Items from a dataset:
::::::::::

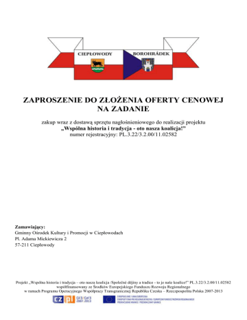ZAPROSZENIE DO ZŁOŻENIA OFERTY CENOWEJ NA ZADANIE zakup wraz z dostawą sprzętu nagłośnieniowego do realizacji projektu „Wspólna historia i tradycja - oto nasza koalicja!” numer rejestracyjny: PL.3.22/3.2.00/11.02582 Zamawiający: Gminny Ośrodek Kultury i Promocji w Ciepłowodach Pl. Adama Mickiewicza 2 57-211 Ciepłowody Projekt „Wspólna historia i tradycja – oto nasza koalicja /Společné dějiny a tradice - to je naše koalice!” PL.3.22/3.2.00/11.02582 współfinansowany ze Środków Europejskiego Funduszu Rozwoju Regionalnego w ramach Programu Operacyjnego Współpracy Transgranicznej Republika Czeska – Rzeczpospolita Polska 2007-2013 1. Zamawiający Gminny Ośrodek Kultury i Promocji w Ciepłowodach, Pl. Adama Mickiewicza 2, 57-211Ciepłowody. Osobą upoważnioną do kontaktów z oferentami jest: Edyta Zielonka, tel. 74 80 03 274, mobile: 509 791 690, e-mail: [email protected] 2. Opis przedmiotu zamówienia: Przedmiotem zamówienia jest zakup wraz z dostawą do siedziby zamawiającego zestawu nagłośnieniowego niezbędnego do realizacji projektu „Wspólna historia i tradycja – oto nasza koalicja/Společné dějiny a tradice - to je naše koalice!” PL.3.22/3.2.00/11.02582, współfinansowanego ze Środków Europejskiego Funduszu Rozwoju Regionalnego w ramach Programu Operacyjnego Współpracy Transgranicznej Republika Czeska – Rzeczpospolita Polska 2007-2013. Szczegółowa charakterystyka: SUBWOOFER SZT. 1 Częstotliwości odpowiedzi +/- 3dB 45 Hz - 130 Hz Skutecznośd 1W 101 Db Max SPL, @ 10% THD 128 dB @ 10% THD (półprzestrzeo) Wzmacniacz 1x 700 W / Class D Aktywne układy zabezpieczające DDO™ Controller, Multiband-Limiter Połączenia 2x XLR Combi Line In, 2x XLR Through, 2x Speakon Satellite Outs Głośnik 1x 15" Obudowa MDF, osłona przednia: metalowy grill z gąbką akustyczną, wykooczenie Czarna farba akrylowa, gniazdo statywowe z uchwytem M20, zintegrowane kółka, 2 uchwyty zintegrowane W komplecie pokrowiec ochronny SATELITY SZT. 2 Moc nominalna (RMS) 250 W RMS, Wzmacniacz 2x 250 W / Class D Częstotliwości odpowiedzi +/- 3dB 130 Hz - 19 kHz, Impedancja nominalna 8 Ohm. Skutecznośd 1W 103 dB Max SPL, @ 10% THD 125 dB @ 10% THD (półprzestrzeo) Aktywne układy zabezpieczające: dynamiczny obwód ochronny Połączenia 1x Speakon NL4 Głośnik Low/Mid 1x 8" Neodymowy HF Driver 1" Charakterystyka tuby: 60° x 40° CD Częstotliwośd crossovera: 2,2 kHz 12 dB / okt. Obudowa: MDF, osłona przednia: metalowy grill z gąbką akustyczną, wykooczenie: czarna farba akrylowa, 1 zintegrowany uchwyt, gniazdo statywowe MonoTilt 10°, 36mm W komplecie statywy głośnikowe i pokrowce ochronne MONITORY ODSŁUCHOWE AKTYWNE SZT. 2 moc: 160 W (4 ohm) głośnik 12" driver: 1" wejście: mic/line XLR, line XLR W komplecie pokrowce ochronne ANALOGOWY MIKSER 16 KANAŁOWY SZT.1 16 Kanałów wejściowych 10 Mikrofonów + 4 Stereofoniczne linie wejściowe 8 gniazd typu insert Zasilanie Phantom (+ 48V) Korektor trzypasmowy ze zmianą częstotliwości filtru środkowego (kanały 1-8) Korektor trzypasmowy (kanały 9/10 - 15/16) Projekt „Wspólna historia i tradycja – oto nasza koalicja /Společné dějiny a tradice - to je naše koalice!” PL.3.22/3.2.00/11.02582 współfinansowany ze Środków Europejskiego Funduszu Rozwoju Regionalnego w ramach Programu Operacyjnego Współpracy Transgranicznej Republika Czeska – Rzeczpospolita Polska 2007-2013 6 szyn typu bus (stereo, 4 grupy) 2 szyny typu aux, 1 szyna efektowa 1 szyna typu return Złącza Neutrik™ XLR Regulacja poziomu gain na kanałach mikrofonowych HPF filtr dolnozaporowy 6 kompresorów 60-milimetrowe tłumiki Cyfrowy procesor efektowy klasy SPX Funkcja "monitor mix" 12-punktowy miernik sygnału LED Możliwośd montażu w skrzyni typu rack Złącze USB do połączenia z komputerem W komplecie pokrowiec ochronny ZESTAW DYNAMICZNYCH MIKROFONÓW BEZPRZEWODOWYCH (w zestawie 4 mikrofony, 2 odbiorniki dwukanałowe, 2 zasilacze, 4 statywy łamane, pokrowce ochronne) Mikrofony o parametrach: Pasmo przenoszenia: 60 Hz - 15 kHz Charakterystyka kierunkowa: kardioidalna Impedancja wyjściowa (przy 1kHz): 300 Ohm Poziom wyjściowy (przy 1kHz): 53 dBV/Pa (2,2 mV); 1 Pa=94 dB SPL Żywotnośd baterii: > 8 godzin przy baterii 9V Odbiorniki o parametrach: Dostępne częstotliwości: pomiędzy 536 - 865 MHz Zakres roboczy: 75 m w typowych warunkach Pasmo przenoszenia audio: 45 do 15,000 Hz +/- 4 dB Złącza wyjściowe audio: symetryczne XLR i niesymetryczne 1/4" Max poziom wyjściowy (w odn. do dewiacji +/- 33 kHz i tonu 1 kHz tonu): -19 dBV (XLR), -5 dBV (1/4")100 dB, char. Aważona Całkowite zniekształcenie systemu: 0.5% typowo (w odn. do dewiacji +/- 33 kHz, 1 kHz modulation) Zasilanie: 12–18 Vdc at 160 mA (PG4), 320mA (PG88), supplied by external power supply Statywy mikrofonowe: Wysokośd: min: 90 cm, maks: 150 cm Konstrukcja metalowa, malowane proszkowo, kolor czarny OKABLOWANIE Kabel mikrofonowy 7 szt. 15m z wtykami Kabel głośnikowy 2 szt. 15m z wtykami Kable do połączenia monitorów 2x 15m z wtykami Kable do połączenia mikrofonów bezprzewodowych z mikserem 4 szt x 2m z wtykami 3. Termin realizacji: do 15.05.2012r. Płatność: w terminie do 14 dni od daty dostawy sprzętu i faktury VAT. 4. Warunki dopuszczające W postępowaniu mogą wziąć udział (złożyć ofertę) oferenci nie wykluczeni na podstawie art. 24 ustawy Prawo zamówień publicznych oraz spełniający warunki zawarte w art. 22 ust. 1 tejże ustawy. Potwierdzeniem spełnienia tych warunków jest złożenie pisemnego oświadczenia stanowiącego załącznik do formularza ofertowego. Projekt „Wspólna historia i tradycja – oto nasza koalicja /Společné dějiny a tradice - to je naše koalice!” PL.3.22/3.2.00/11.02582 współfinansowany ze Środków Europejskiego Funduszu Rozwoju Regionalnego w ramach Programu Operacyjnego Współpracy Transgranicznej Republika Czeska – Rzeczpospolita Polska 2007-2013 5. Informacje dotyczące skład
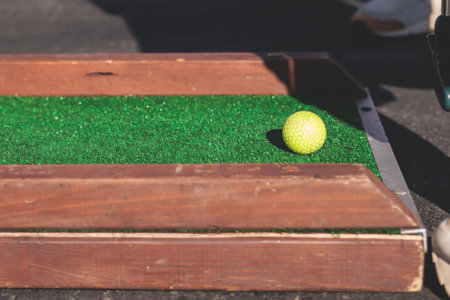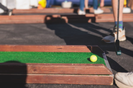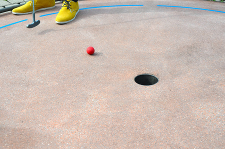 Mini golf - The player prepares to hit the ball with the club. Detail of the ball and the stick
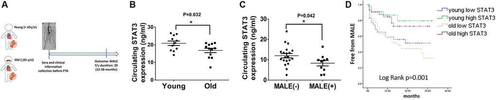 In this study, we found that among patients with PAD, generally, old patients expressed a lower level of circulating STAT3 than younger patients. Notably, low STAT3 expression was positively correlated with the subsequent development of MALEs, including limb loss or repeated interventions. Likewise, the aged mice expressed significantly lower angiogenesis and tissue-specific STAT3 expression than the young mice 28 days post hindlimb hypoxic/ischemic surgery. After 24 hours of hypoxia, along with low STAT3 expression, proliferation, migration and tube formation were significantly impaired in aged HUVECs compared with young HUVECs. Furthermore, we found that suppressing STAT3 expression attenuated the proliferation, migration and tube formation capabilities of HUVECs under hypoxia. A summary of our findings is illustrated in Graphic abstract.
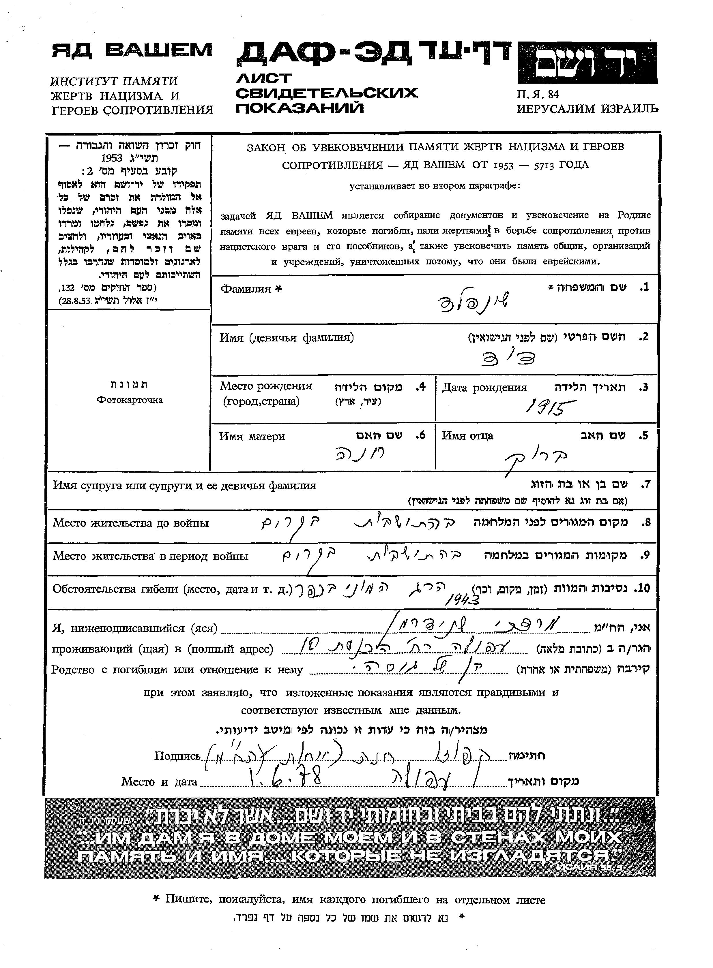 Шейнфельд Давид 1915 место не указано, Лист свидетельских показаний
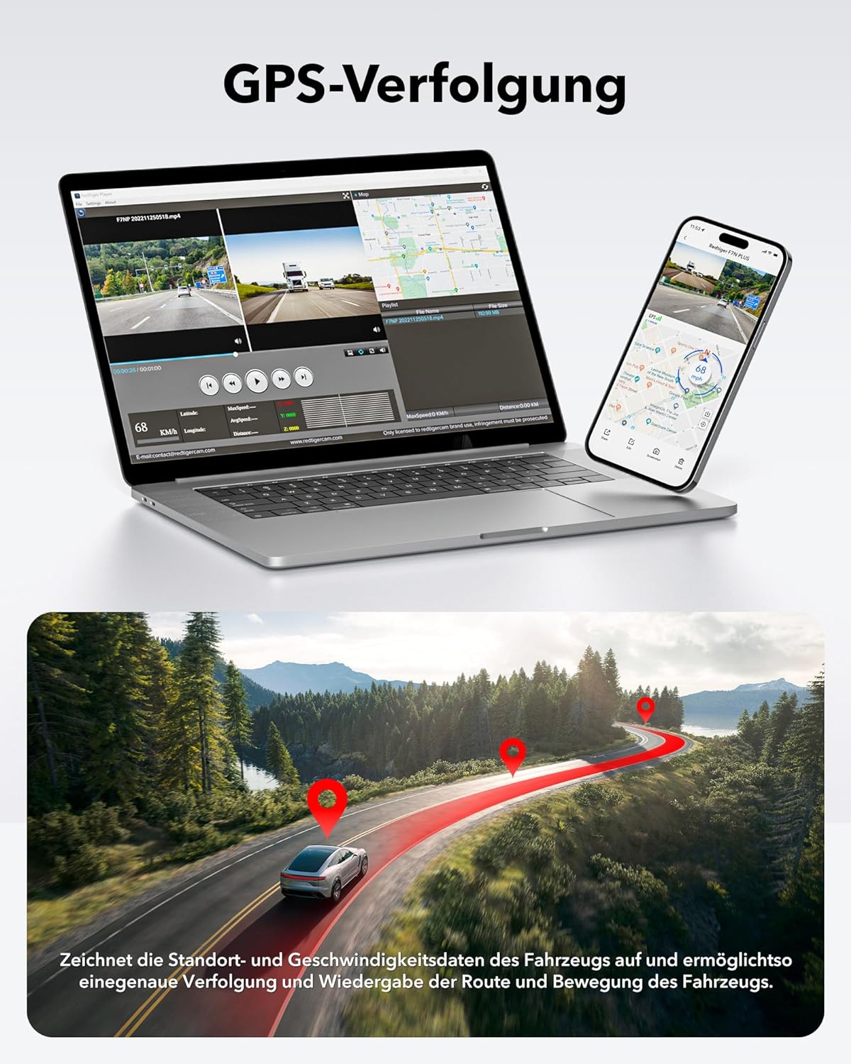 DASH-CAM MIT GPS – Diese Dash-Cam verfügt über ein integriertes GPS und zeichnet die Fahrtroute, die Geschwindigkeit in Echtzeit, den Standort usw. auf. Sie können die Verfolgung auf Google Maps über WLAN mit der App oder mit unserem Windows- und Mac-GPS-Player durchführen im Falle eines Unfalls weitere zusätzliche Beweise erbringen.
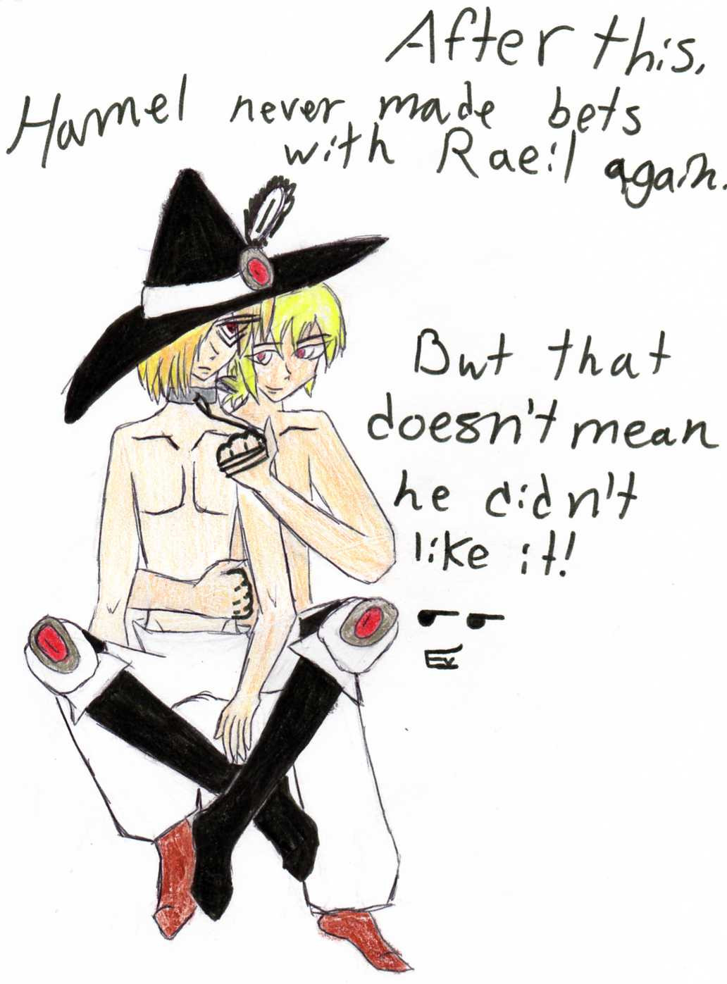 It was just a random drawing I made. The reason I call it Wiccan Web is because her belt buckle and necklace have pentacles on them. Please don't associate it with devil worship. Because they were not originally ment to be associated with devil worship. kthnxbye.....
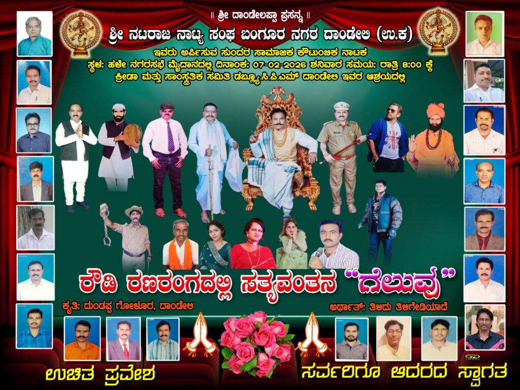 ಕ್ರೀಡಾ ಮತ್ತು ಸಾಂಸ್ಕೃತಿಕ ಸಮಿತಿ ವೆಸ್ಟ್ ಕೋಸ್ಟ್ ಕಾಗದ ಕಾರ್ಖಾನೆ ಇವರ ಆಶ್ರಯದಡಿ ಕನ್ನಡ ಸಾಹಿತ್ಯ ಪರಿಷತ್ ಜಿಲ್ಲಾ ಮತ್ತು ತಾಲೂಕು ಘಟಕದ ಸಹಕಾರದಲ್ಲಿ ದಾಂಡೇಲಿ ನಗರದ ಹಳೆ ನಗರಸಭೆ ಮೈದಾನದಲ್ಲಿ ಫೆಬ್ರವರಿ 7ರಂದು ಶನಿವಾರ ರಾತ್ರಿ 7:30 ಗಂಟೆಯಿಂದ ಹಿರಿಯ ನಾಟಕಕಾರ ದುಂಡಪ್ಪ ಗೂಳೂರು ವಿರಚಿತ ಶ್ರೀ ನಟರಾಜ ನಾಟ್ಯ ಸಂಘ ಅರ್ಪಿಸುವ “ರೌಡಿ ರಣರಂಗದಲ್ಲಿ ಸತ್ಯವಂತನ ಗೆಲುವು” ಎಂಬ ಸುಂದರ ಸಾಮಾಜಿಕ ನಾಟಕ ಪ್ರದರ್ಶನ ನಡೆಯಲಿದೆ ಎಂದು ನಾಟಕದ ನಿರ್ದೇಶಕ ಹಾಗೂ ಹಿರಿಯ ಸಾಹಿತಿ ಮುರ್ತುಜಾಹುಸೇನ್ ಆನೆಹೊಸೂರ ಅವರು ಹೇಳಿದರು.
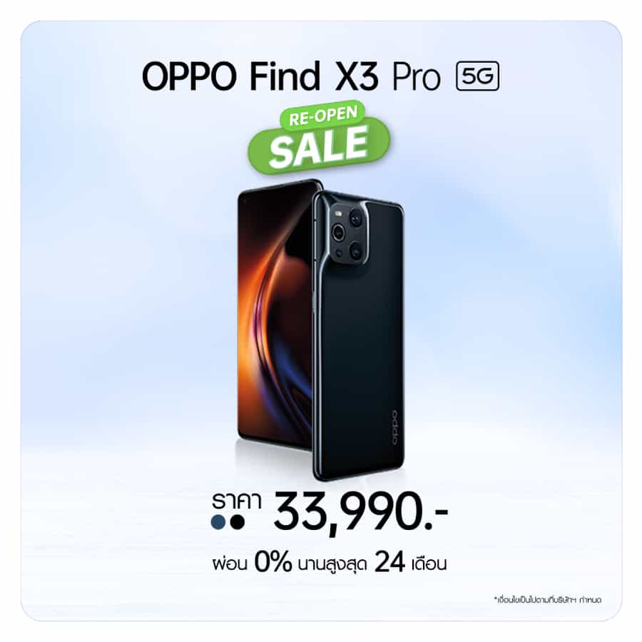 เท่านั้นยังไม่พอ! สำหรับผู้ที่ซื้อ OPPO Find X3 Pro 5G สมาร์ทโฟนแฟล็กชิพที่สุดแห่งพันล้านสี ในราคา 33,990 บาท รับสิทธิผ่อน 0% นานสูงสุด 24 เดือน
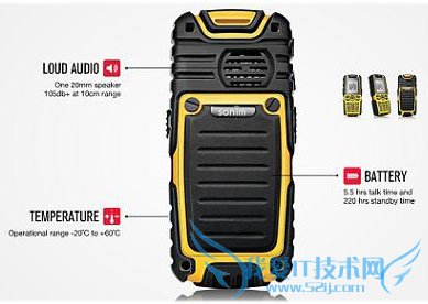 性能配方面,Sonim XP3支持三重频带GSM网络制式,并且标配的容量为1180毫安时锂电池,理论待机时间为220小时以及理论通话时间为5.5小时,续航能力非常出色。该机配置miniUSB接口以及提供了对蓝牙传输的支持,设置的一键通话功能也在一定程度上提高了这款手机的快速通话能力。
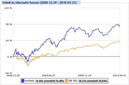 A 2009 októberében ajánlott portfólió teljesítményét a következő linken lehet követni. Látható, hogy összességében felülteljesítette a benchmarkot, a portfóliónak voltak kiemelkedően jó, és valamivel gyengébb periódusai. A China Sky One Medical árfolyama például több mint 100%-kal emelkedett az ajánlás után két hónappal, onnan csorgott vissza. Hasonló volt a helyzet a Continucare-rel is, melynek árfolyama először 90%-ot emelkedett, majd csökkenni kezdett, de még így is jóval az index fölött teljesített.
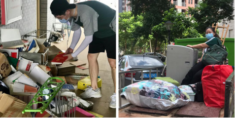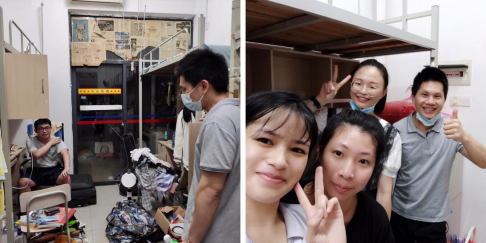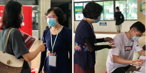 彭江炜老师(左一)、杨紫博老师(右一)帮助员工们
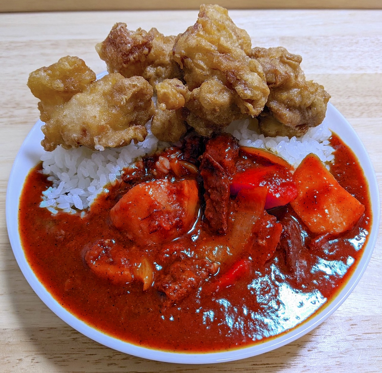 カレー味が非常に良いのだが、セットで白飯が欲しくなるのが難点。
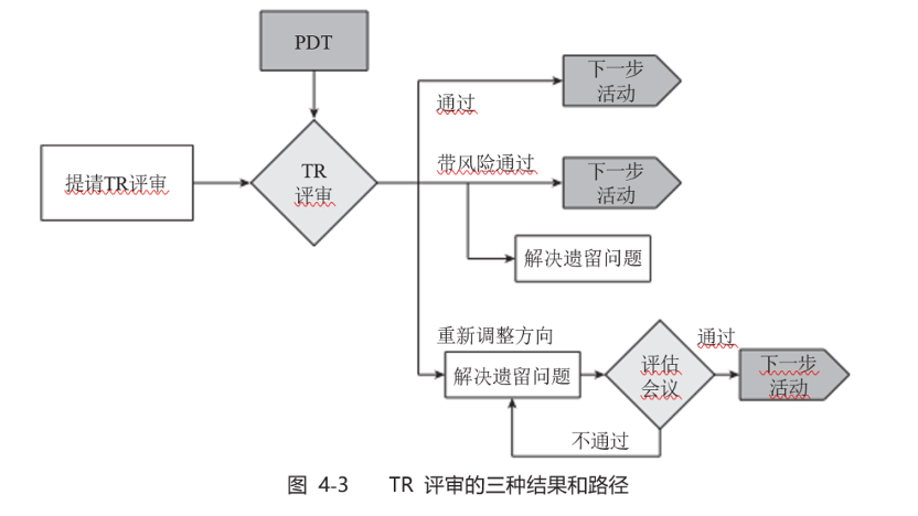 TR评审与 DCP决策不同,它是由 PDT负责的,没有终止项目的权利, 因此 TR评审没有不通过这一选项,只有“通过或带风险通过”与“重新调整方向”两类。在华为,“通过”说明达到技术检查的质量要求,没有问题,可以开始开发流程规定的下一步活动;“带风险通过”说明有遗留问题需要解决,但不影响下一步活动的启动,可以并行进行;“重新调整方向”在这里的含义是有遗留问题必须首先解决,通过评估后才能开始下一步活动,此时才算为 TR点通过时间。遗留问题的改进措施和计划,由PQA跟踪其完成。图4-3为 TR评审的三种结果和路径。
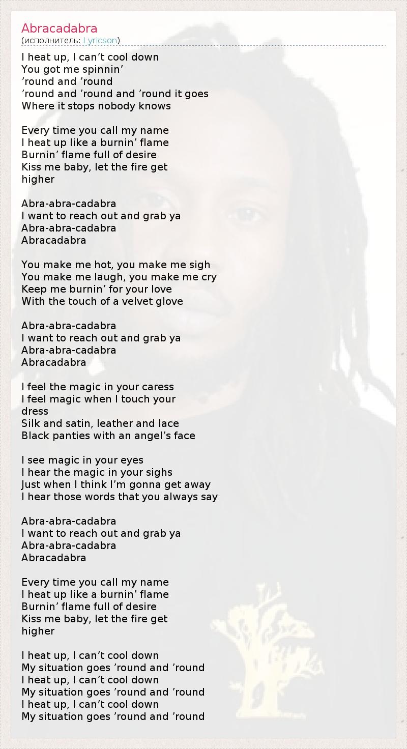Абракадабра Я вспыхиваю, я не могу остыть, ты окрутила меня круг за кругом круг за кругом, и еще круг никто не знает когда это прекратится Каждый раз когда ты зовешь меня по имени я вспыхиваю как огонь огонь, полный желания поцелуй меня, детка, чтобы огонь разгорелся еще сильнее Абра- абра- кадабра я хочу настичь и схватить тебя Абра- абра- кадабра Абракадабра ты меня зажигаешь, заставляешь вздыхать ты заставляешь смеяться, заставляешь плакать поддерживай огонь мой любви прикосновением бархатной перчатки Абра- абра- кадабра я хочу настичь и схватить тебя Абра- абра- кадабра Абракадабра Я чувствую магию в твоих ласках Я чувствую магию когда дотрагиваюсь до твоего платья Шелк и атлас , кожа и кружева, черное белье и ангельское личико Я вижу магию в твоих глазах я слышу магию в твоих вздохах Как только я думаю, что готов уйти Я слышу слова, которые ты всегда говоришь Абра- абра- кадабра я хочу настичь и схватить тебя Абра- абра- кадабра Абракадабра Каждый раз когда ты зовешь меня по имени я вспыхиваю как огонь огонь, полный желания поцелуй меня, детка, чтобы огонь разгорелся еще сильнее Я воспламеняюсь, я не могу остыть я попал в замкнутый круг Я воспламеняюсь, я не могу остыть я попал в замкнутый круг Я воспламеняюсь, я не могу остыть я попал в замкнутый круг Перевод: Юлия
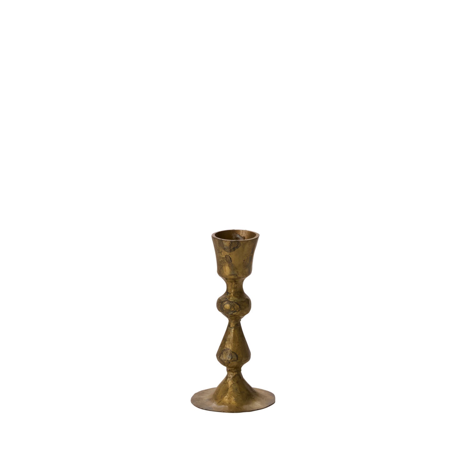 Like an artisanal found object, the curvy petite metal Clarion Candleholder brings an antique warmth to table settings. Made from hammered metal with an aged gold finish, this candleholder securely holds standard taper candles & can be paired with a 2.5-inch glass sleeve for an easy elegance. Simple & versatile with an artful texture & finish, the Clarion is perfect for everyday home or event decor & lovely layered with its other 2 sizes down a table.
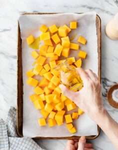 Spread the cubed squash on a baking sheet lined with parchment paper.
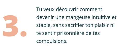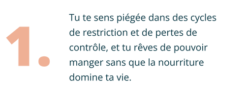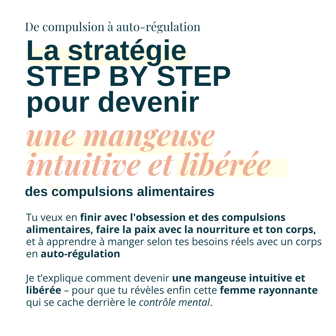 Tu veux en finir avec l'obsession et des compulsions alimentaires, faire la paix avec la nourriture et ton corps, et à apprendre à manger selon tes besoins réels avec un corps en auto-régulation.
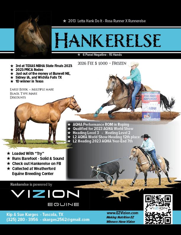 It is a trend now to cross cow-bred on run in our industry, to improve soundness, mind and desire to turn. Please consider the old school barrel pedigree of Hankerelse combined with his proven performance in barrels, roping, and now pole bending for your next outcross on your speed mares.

::::::::::

→ Problem to solve:
Give again the stretch of lines above from the one with "性能配方面,Sonim XP" through the one with "TR评审与 DCP决策不同,它是由 PDT负责的,没有终止项目的权利, 因此", both ends kept, and copy no pictures.

→ Result for this exercise:
 性能配方面,Sonim XP3支持三重频带GSM网络制式,并且标配的容量为1180毫安时锂电池,理论待机时间为220小时以及理论通话时间为5.5小时,续航能力非常出色。该机配置miniUSB接口以及提供了对蓝牙传输的支持,设置的一键通话功能也在一定程度上提高了这款手机的快速通话能力。
 A 2009 októberében ajánlott portfólió teljesítményét a következő linken lehet követni. Látható, hogy összességében felülteljesítette a benchmarkot, a portfóliónak voltak kiemelkedően jó, és valamivel gyengébb periódusai. A China Sky One Medical árfolyama például több mint 100%-kal emelkedett az ajánlás után két hónappal, onnan csorgott vissza. Hasonló volt a helyzet a Continucare-rel is, melynek árfolyama először 90%-ot emelkedett, majd csökkenni kezdett, de még így is jóval az index fölött teljesített.
 彭江炜老师(左一)、杨紫博老师(右一)帮助员工们
 カレー味が非常に良いのだが、セットで白飯が欲しくなるのが難点。
 TR评审与 DCP决策不同,它是由 PDT负责的,没有终止项目的权利, 因此 TR评审没有不通过这一选项,只有“通过或带风险通过”与“重新调整方向”两类。在华为,“通过”说明达到技术检查的质量要求,没有问题,可以开始开发流程规定的下一步活动;“带风险通过”说明有遗留问题需要解决,但不影响下一步活动的启动,可以并行进行;“重新调整方向”在这里的含义是有遗留问题必须首先解决,通过评估后才能开始下一步活动,此时才算为 TR点通过时间。遗留问题的改进措施和计划,由PQA跟踪其完成。图4-3为 TR评审的三种结果和路径。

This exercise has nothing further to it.